Additional Considerations

• Testing and Rollback: Test the migration steps in a non-prod cluster first. Verify that an application can read secrets from Infisical. If something goes wrong in production, the rollback is essentially to reapply the SealedSecret (if you removed it) and perhaps redeploy the Sealed Secrets controller. Keep a backup of those manifests until you are confident in the new system. The good news is, reading secrets from Infisical doesn't modify your application pods (unless you use the CSI driver in which case it mounts volumes – but in our described approach, it's normal Secrets). So, switching the secret source shouldn't require application code changes, just config changes.

• Performance and Scaling: Infisical is built to scale, but you should be mindful of how often secrets sync. The Infisical Operator has polling-based sync capabilities that you can configure. You can adjust resync intervals to find the right balance - a very short interval might load your Infisical server unnecessarily, while a very long one might delay secret updates. A moderate sync interval (e.g., every few minutes) often works well. Also, if you have many secrets (thousands), consider organizing them into multiple InfisicalSecret resources rather than one giant one, for easier management and to avoid hitting size limits on a single Kubernetes Secret.

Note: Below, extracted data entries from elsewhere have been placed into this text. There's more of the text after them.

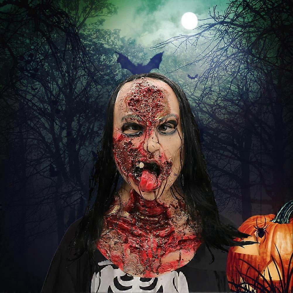 Ghost Face Cover Halloween Haunted Long Hair Ornament Up Prop Dead Look Natural Latex Blood Covered Blouse For Most Adults And Yout
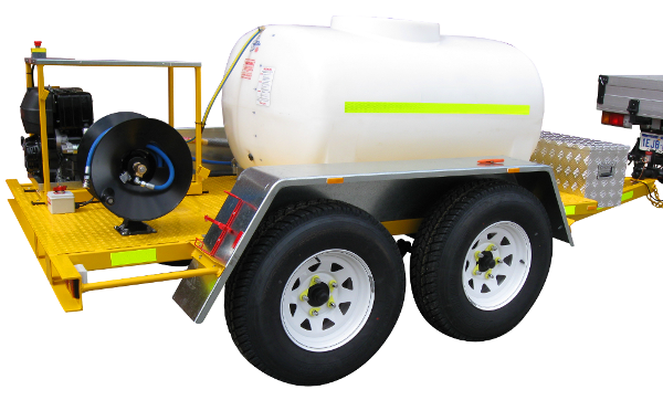 Purpose built heavy duty 'Off Road' tandem trailer, 1200Ltr tank, self contained Yanmar Diesel powered 3000PSI high pressure cleaner.
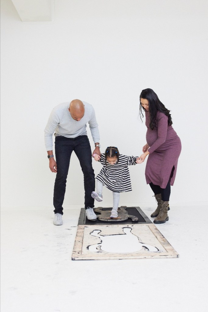 “Every workshop participant (age 2 – 11) will lift one of the inked rubber stamps featuring STIK’s minimalist ‘stick man’ figures onto 100% wove hemp paper jumping, stomping and stamping to create their own unique version of the monochrome print to take home. The artworks are produced using raw, industrial materials in a human scale in reference to Brutalist principles. Each print will also be photographed to become part of an extended version of the animation currently on screens throughout the Southbank Centre. The rubber stamps will be destroyed at the end of the nine-day workshop making this a one-off opportunity for children to have fun, learn and take home their own collaborative STIK artwork.
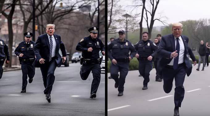 Трамп бежит, Мелания кричит на полицию. Искусственный интеллект показал, как может выглядеть арест Трампа

• We should note the third option Infisical supports: CSI driver integration. This allows pods to mount secrets directly as volumes (bypassing Kubernetes Secrets objects entirely). While this can improve security (no secret stored in etcd), it doesn't fit as cleanly with a GitOps model (because the presence of secrets isn't represented as a Kubernetes object Argo CD manages – it's more of a runtime configuration). If you have specific apps that would benefit from CSI (for example, needing constantly updated secrets without pod restart, or not wanting any secret in etcd), you could gradually adopt CSI for those after migrating to Infisical. The CSI driver requires deploying Infisical's CSI provider and creating SecretProviderClass resources. That's outside the scope of this migration for most cases, but keep it in mind as an advanced option.

Conclusion

Migrating from Sealed Secrets to Infisical can significantly streamline secret management in GitOps workflows. You'll move from a model of encrypted blobs in Git to a model of externalized secrets with references in Git, gaining flexibility in secret rotation and central oversight of secrets. Both Argo CD and Helm can work smoothly with Infisical through the Kubernetes operator, and comprehensive documentation is available in Infisical's official documentation.

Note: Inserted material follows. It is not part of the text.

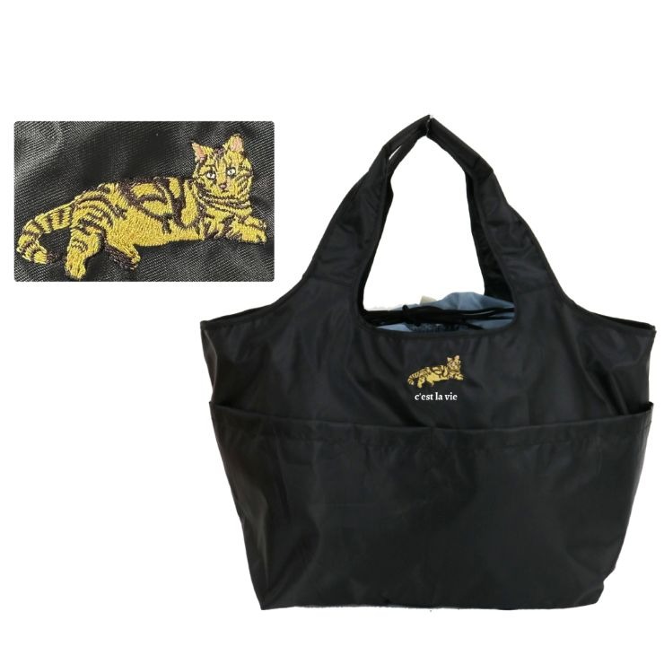 大きめの買い物レジカゴにも楽々入るエコバッグです。 背面のゴムでコンパクトにたためます。 内側は簡易保冷生地でワンポイントにアニマル刺繍が入っています。

For DevOps and platform engineers, the key takeaways are:

• Infisical keeps secrets out of your repos and leverages strong encryption and access control in a centralized service. This reduces the chances of secret leaks and enables easier audits. With SealedSecrets, security is good, but managing keys and human processes at scale is error-prone.

• Infisical provides audit logs and a single place to review secret changes, which can simplify compliance reporting. In contrast, reviewing Git commit history of encrypted secrets or scattered KMS logs is more laborious.

• After migration, developers can add or update secrets via Infisical's UI or CLI without dealing with encryption commands. This can improve velocity (though it introduces a new tool to learn). Meanwhile, Argo CD continues to manage deployments declaratively – now it just syncs InfisicalSecret resources instead of SealedSecret resources.

• Many tasks (secret rotation, syncing to new clusters) become easier. If you spin up a new Kubernetes cluster, pointing it at Infisical is straightforward – it can pull all needed secrets without you re-encrypting and applying dozens of SealedSecrets. This aligns with GitOps automation principles, letting clusters self-configure their secrets from a known source.

In making this migration, you are aligning with a broader industry trend: leveraging dedicated secret management solutions alongside GitOps. Tools like Infisical are becoming the go-to for Kubernetes secret management in 2025 and beyond. By following the steps and best practices outlined above, organizations can enhance the security and manageability of their GitOps workflows, ensuring that sensitive configuration is handled in a safe, auditable, and cloud-native manner.